REQUIRED ACTION: Beginning with the line containing "Данная поза ясно" and ending with the line containing "ZARA БОДИ С", write out each line of the records below exactly; pictures and lines outside that range are left out.

*** Opening of DATA PROVIDED ***

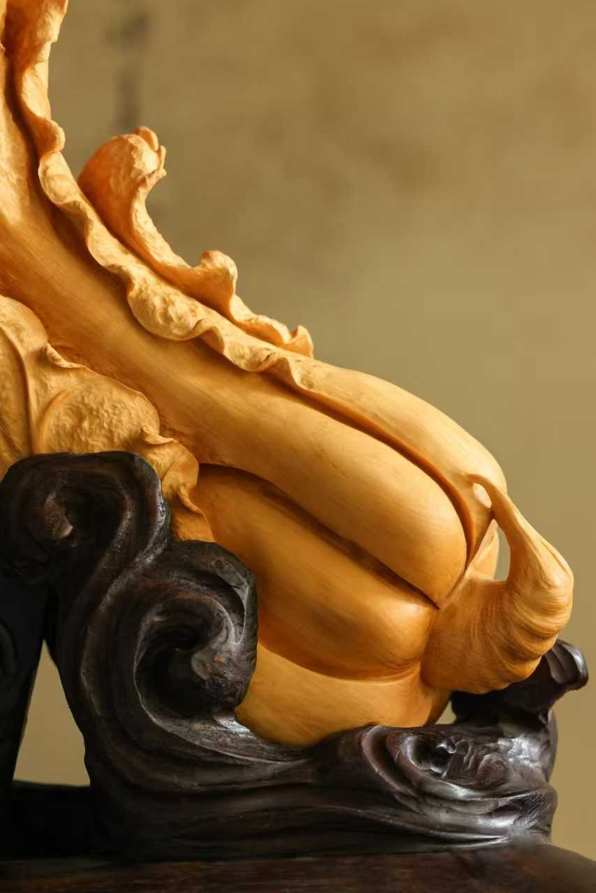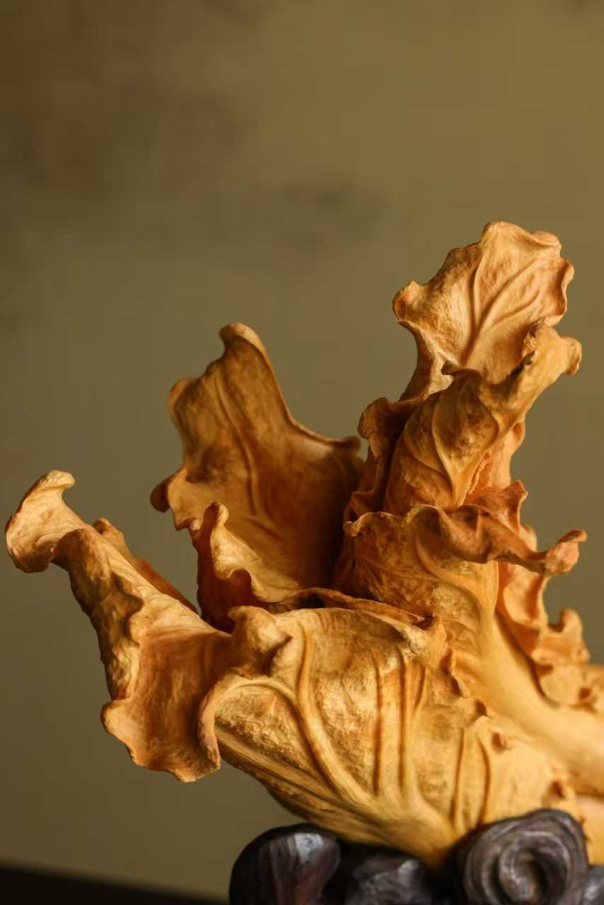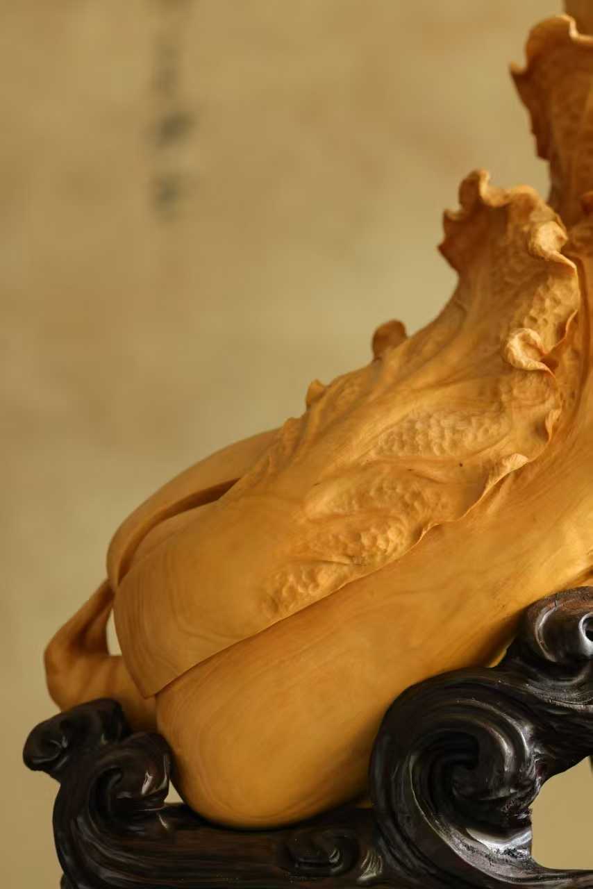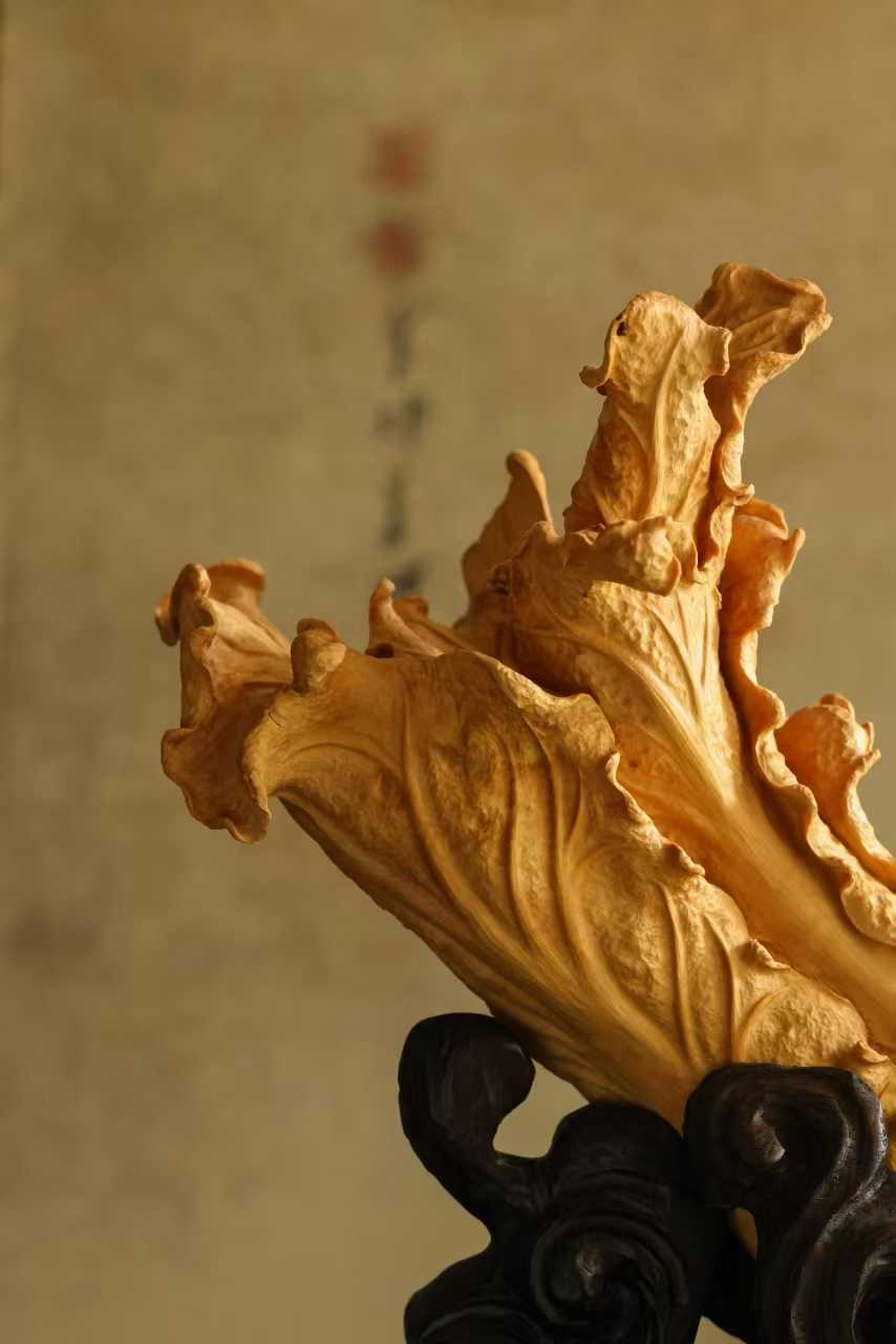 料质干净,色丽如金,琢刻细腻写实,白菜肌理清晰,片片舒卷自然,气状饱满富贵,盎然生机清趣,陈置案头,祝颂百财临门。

*** Close of DATA PROVIDED ***
*** Opening of DATA PROVIDED ***

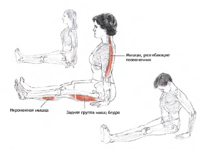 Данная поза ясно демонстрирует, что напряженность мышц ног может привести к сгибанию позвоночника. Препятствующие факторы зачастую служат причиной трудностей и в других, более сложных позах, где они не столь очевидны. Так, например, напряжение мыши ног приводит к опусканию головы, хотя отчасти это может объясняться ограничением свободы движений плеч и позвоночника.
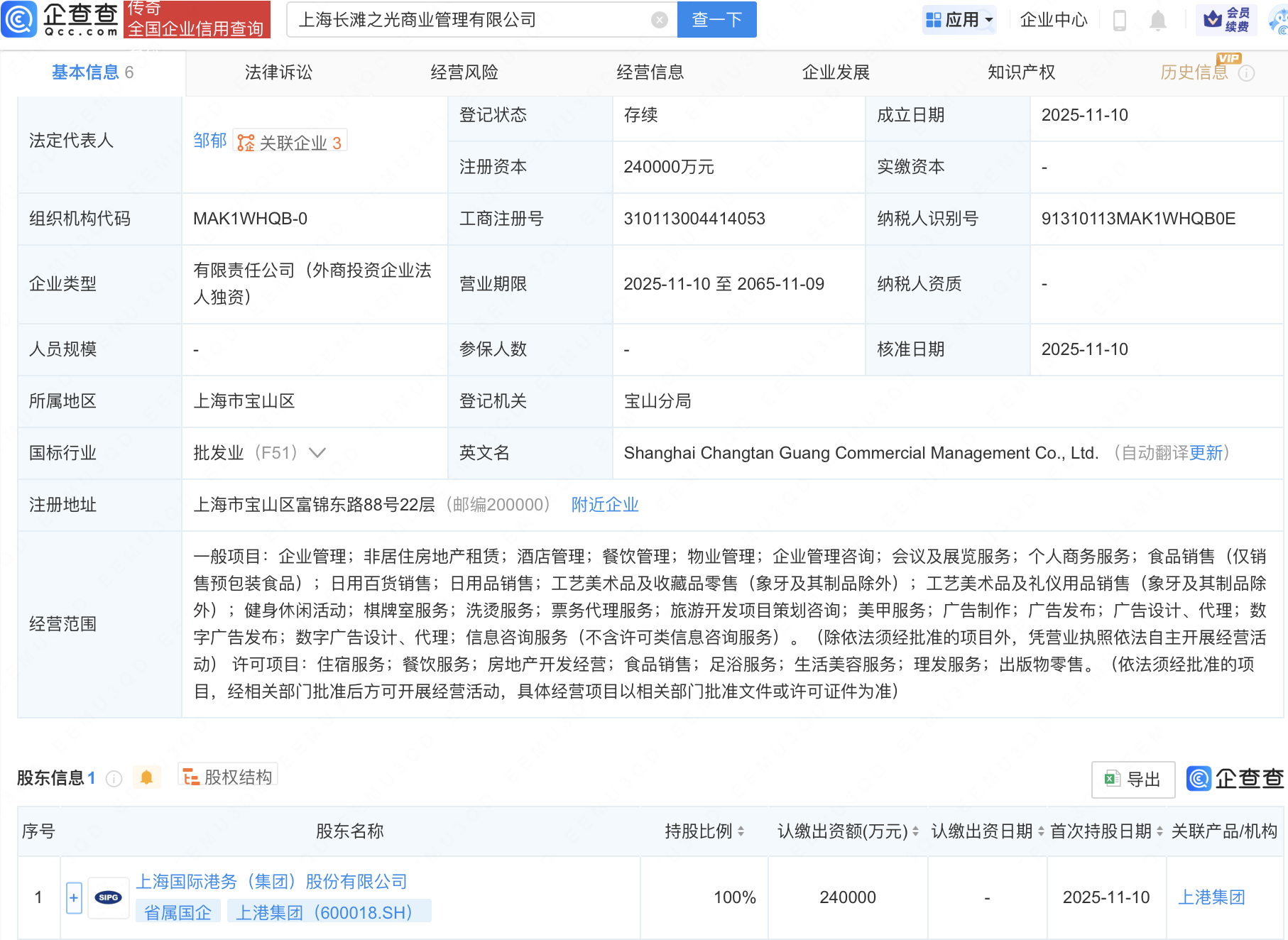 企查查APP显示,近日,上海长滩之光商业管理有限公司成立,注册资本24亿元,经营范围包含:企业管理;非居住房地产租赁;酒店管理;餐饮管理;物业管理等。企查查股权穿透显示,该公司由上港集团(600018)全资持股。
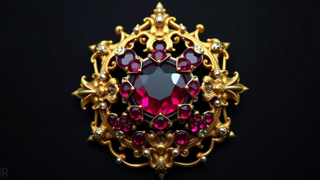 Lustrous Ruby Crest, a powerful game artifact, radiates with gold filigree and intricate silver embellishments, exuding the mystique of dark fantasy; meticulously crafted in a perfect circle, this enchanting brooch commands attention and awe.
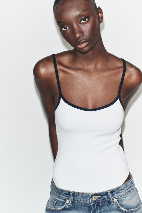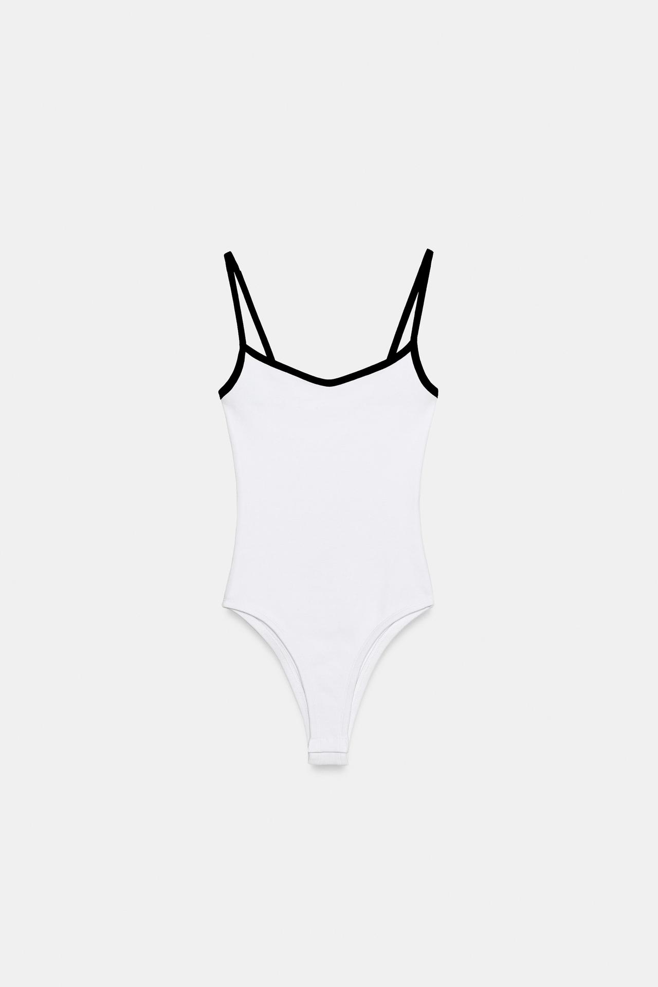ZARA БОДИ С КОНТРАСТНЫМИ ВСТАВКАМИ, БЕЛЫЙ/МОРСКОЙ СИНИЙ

*** Close of DATA PROVIDED ***

WRITTEN SOLUTION:
 Данная поза ясно демонстрирует, что напряженность мышц ног может привести к сгибанию позвоночника. Препятствующие факторы зачастую служат причиной трудностей и в других, более сложных позах, где они не столь очевидны. Так, например, напряжение мыши ног приводит к опусканию головы, хотя отчасти это может объясняться ограничением свободы движений плеч и позвоночника.
 企查查APP显示,近日,上海长滩之光商业管理有限公司成立,注册资本24亿元,经营范围包含:企业管理;非居住房地产租赁;酒店管理;餐饮管理;物业管理等。企查查股权穿透显示,该公司由上港集团(600018)全资持股。
 Lustrous Ruby Crest, a powerful game artifact, radiates with gold filigree and intricate silver embellishments, exuding the mystique of dark fantasy; meticulously crafted in a perfect circle, this enchanting brooch commands attention and awe.
ZARA БОДИ С КОНТРАСТНЫМИ ВСТАВКАМИ, БЕЛЫЙ/МОРСКОЙ СИНИЙ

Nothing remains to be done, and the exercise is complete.